In the method for manufacturing an electronic component according to the present embodiment, after the above removal step, the electronic component may be further subjected to processing such as solder ball formation, dicing, or oxide film formation.

EXAMPLES The present invention will be described in more detail below with reference to examples, but the present invention is not limited to these examples.

<Resin component (P)>
In this example, resins (P-1) to (P-5) shown below were used.
Resin (P-1): resin having a repeating unit represented by the following chemical formula (p1-1), weight average molecular weight 5380, molecular weight dispersity 1.62
Resin (P-2): resin having a repeating unit represented by the following chemical formula (p1-2), weight average molecular weight 5500, molecular weight dispersity 1.60
Resin (P-3): resin having a repeating unit represented by the following chemical formula (p1-3), weight average molecular weight: 5220, molecular weight dispersity: 1.72
Resin (P-4): resin having a repeating unit represented by the following chemical formula (p1-4), weight average molecular weight: 11,600, molecular weight dispersity: 2.17
Resin (P-5): naphthol novolac type phenolic resin, weight average molecular weight 5000, molecular weight dispersity 3.90

<Preparation of composition for forming separation layer>
(Examples 1-5, Comparative Examples 1-2)
Each component shown in Table 1 was mixed and dissolved to prepare a separation layer forming composition (resin component concentration: 35% by mass) of each example.

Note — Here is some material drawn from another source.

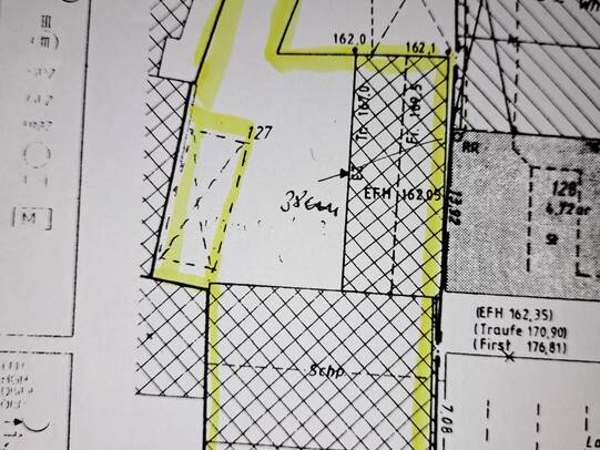 Dieser besteht aus einem Wohnhaus (ca. 60 m² aufgeteilt in 6 Zimmer) und einer Scheune mit Kuhstall und Scheunendurchfahrt. Die Grundstücksfläche beträgt ca. 280 m². Das Grundstück hat eine schmale Zufahrt zur Straße.
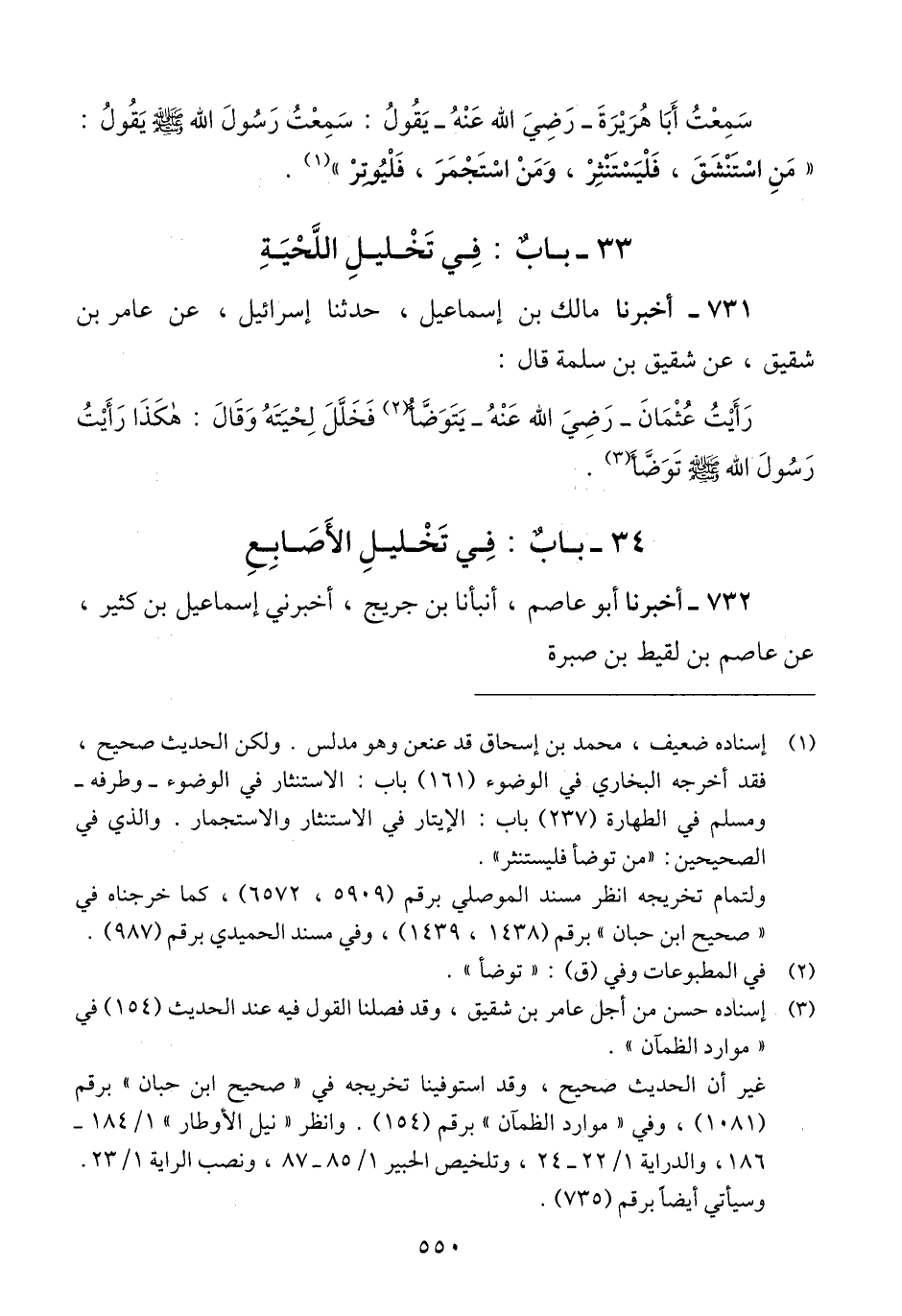 731 - أَخْبَرَنَا مَالِكُ بْنُ إِسْمَاعِيلَ، حَدَّثَنَا إِسْرَائِيلُ، عَنْ عَامِرِ بْنِ شَقِيقٍ، عَنْ شَقِيقِ بْنِ سَلَمَةَ، قَالَ: رَأَيْتُ عُثْمَانَ رَضِيَ اللَّهُ عَنْهُ، " §يَتَوَضَّأُ فَخَلَّلَ لِحْيَتَهُ، وَقَالَ: هَكَذَا رَأَيْتُ رَسُولَ اللَّهِ صَلَّى اللهُ عَلَيْهِ وَسَلَّمَ تَوَضَّأَ "Qإسناده حسن

In Table 1, each abbreviation has the following meaning. The numbers in [ ] are the compounding amounts (parts by mass).
(P)-1: Resin (P-1)
(P)-2: Resin (P-2)
(P)-3: Resin (P-3)
(P)-4: Resin (P-4)
(P)-5: Resin (P-5)
(T)-1: CXC2689
(S)-1: propylene glycol monomethyl ether (PGME)

<Formation of separation layer>
Each separation layer forming composition was spin-coated on a bare glass support substrate (12 inches, thickness 0.7 mm), heated at a temperature of 100°C for 300 seconds, and then heated at a temperature of 150°C. The solvent was removed by heating for 300 seconds to form a film with a thickness of 1.8 μm.
Then, the formed film was baked at a temperature of 300° C. for 20 minutes in an atmospheric environment to form a separation layer on the bare glass support substrate, thereby obtaining a support substrate with a separation layer. Table 2 shows the thickness of the separation layer formed at that time.

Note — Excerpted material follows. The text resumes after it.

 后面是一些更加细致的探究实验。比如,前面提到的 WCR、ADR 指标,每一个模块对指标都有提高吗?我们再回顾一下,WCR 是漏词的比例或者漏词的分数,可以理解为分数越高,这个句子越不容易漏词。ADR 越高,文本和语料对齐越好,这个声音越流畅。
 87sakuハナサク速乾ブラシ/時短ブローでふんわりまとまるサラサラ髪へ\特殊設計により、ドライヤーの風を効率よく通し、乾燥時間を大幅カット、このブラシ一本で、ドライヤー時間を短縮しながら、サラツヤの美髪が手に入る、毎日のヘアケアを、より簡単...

[Evaluation of light transmittance in separation layer]
In <Formation of Separation Layer> described above, a film in a state before baking and a film in a state after baking (separation layer) formed using the composition for forming a separation layer of each example were measured by a spectroscopic analysis measuring instrument UV -3600 (manufactured by Shimadzu Corporation) was used to evaluate the transmittance (%) of light with a wavelength of 532 nm in each film formed on the bare glass support substrate by irradiating light with a wavelength of 380 to 780 nm. This evaluation result is shown in Table 2.

[Evaluation of laser reactivity in separation layer]
The separation layer formed using the separation layer forming composition of each example is irradiated with a laser beam having a wavelength of 532 nm under the conditions of a scanning speed of 3000 mm/sec, a frequency of 40 kHz, an output (current value) of 24 A, and an irradiation pitch of 140 μm. By doing so, the laser reactivity was evaluated.
For evaluation of such laser reactivity, a microscope VHX-600 (manufactured by Keyence) was used to observe the state of traces of laser light irradiated to the separation layer, and the size of the traces of laser light on the surface of the separation layer (laser It was carried out by determining the dent diameter/μm). This evaluation result is shown in Table 2.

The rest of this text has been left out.